#### [WHAT YOU ARE ASKED TO DO]
In the data below, find the line containing "本次文博会上基地展示了以3D" and the line containing "Ljubičasta Grimace bilježnica, savršena", then reproduce them and every line between, exactly. Omit pictures.

#### [EXERCISE DATA]
────────

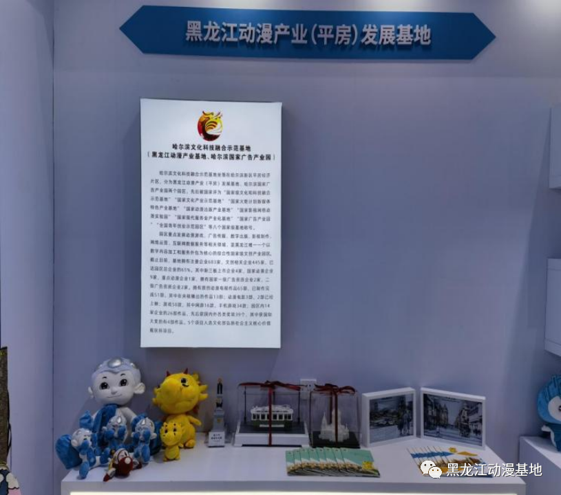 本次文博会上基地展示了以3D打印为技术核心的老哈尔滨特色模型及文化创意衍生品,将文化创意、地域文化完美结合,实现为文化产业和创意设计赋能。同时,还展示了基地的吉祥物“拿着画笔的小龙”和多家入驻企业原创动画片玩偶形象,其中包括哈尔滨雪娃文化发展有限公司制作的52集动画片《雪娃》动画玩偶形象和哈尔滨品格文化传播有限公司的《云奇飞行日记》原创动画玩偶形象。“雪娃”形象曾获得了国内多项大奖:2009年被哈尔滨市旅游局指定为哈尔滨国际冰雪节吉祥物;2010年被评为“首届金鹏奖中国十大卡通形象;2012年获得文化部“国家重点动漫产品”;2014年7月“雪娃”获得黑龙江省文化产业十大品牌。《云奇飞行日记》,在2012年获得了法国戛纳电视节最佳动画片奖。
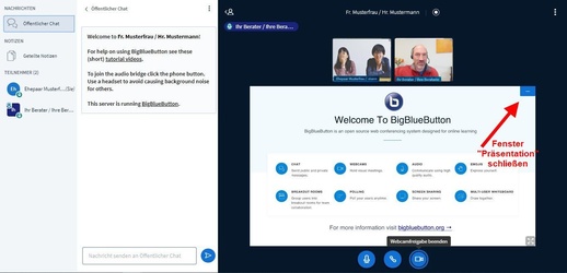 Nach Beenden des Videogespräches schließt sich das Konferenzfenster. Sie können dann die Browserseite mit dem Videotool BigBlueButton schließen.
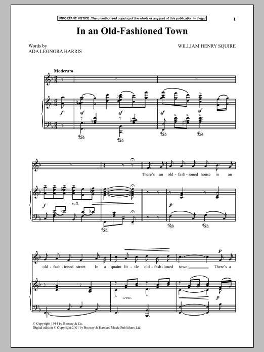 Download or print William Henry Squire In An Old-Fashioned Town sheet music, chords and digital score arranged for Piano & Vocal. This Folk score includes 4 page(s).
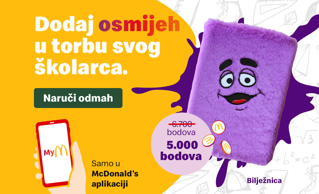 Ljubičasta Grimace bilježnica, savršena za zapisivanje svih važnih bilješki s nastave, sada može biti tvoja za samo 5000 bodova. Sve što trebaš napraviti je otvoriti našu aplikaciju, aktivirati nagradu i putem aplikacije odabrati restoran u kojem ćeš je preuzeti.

────────

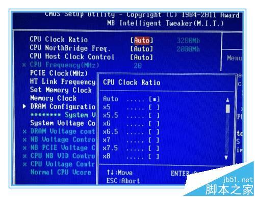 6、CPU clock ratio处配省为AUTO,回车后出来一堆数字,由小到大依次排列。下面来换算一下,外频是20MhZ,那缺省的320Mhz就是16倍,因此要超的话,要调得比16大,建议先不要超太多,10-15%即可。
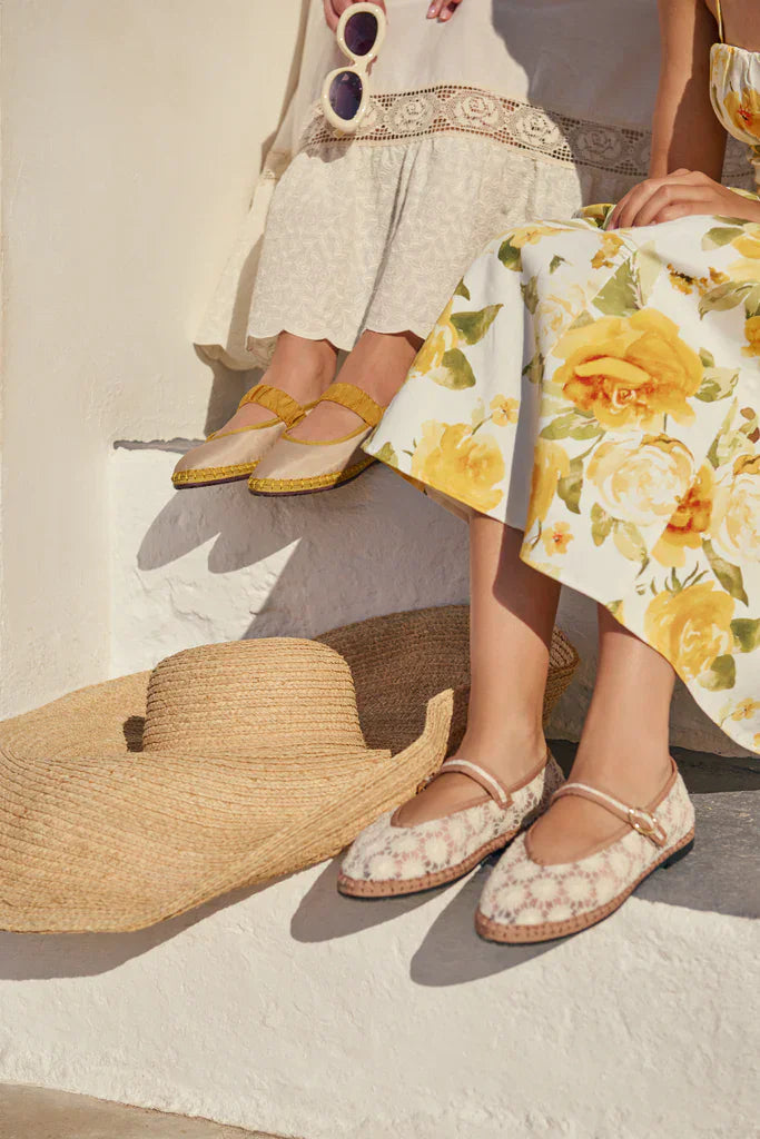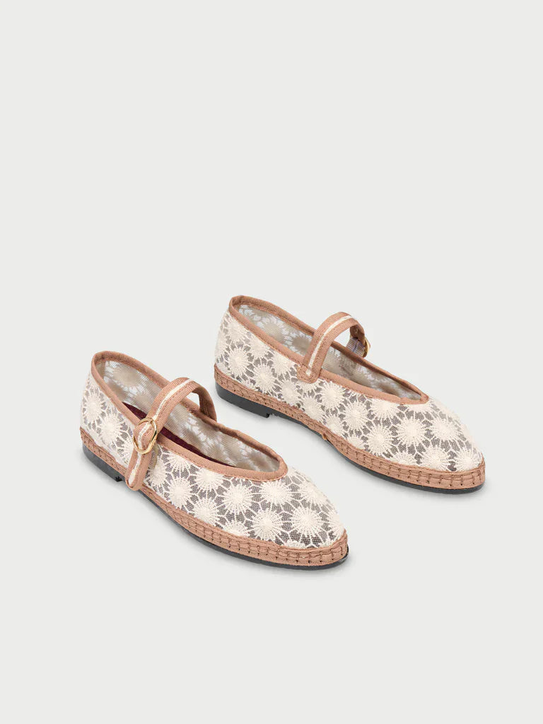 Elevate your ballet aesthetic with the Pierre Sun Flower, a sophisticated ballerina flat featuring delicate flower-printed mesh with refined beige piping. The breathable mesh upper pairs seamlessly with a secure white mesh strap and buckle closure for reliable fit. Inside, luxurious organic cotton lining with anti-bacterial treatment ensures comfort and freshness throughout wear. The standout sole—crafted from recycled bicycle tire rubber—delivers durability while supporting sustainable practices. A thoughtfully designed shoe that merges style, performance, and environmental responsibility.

────────

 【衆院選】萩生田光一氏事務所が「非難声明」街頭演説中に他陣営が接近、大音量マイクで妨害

────────

#### [RESULT FOR THIS EXERCISE]
 本次文博会上基地展示了以3D打印为技术核心的老哈尔滨特色模型及文化创意衍生品,将文化创意、地域文化完美结合,实现为文化产业和创意设计赋能。同时,还展示了基地的吉祥物“拿着画笔的小龙”和多家入驻企业原创动画片玩偶形象,其中包括哈尔滨雪娃文化发展有限公司制作的52集动画片《雪娃》动画玩偶形象和哈尔滨品格文化传播有限公司的《云奇飞行日记》原创动画玩偶形象。“雪娃”形象曾获得了国内多项大奖:2009年被哈尔滨市旅游局指定为哈尔滨国际冰雪节吉祥物;2010年被评为“首届金鹏奖中国十大卡通形象;2012年获得文化部“国家重点动漫产品”;2014年7月“雪娃”获得黑龙江省文化产业十大品牌。《云奇飞行日记》,在2012年获得了法国戛纳电视节最佳动画片奖。
 Nach Beenden des Videogespräches schließt sich das Konferenzfenster. Sie können dann die Browserseite mit dem Videotool BigBlueButton schließen.
 Download or print William Henry Squire In An Old-Fashioned Town sheet music, chords and digital score arranged for Piano & Vocal. This Folk score includes 4 page(s).
 Ljubičasta Grimace bilježnica, savršena za zapisivanje svih važnih bilješki s nastave, sada može biti tvoja za samo 5000 bodova. Sve što trebaš napraviti je otvoriti našu aplikaciju, aktivirati nagradu i putem aplikacije odabrati restoran u kojem ćeš je preuzeti.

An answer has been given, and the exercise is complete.